━━━ Records supplied ━━━

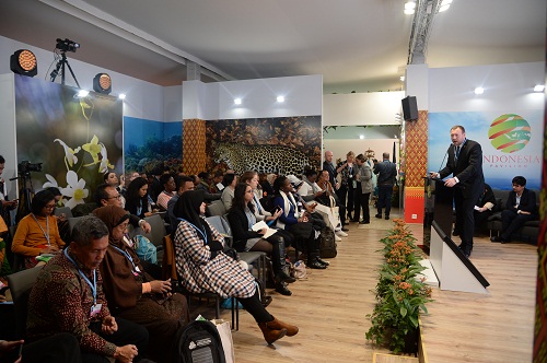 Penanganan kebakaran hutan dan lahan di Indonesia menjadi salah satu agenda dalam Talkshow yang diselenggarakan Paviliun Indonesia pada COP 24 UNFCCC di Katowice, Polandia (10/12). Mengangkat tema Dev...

━━━
━━━ Records supplied ━━━

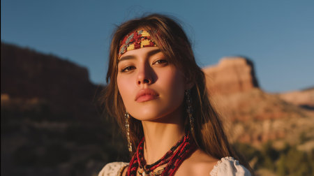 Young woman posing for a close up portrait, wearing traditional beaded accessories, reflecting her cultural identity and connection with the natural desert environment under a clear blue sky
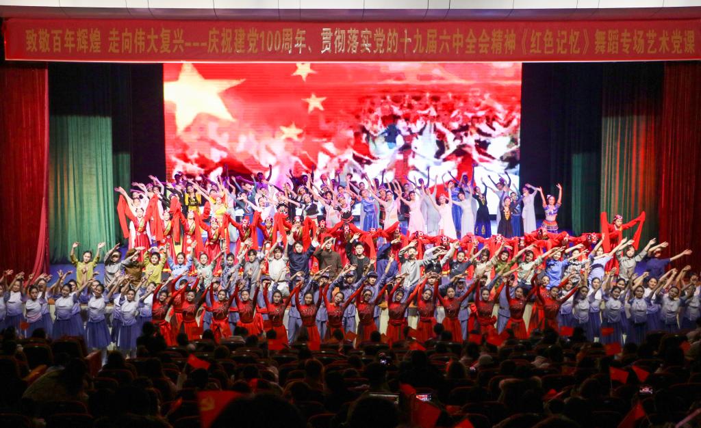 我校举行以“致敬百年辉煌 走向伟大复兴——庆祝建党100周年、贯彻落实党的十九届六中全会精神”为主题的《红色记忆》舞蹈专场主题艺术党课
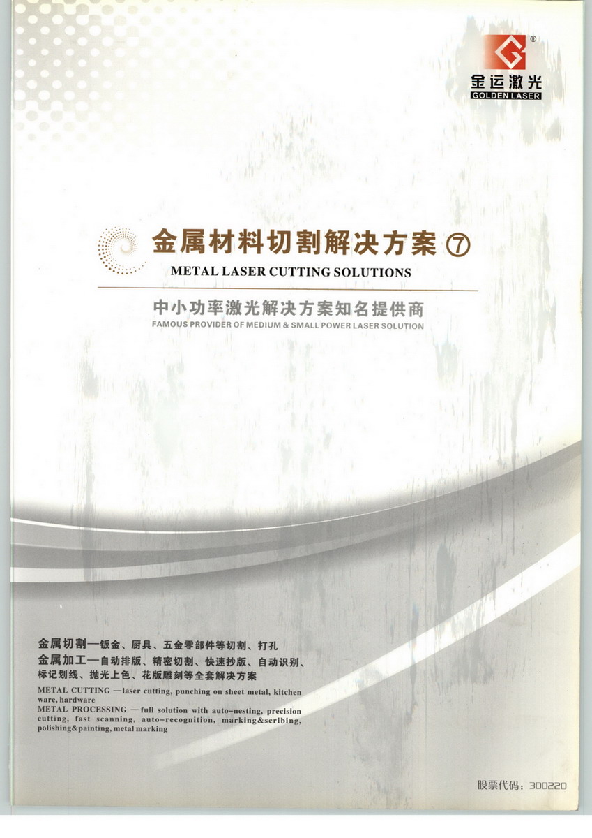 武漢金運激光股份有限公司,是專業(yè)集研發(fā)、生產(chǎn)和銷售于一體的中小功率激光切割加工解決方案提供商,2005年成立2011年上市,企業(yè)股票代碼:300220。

━━━

● **Problem**
Only one part of the material above is wanted: the lines from the one with "Young woman posing" up to and including the one with "武漢金運激光股份有限公司,是". Please copy them exactly, pictures left out.

● **Exercise result**
 Young woman posing for a close up portrait, wearing traditional beaded accessories, reflecting her cultural identity and connection with the natural desert environment under a clear blue sky
 我校举行以“致敬百年辉煌 走向伟大复兴——庆祝建党100周年、贯彻落实党的十九届六中全会精神”为主题的《红色记忆》舞蹈专场主题艺术党课
 武漢金運激光股份有限公司,是專業(yè)集研發(fā)、生產(chǎn)和銷售于一體的中小功率激光切割加工解決方案提供商,2005年成立2011年上市,企業(yè)股票代碼:300220。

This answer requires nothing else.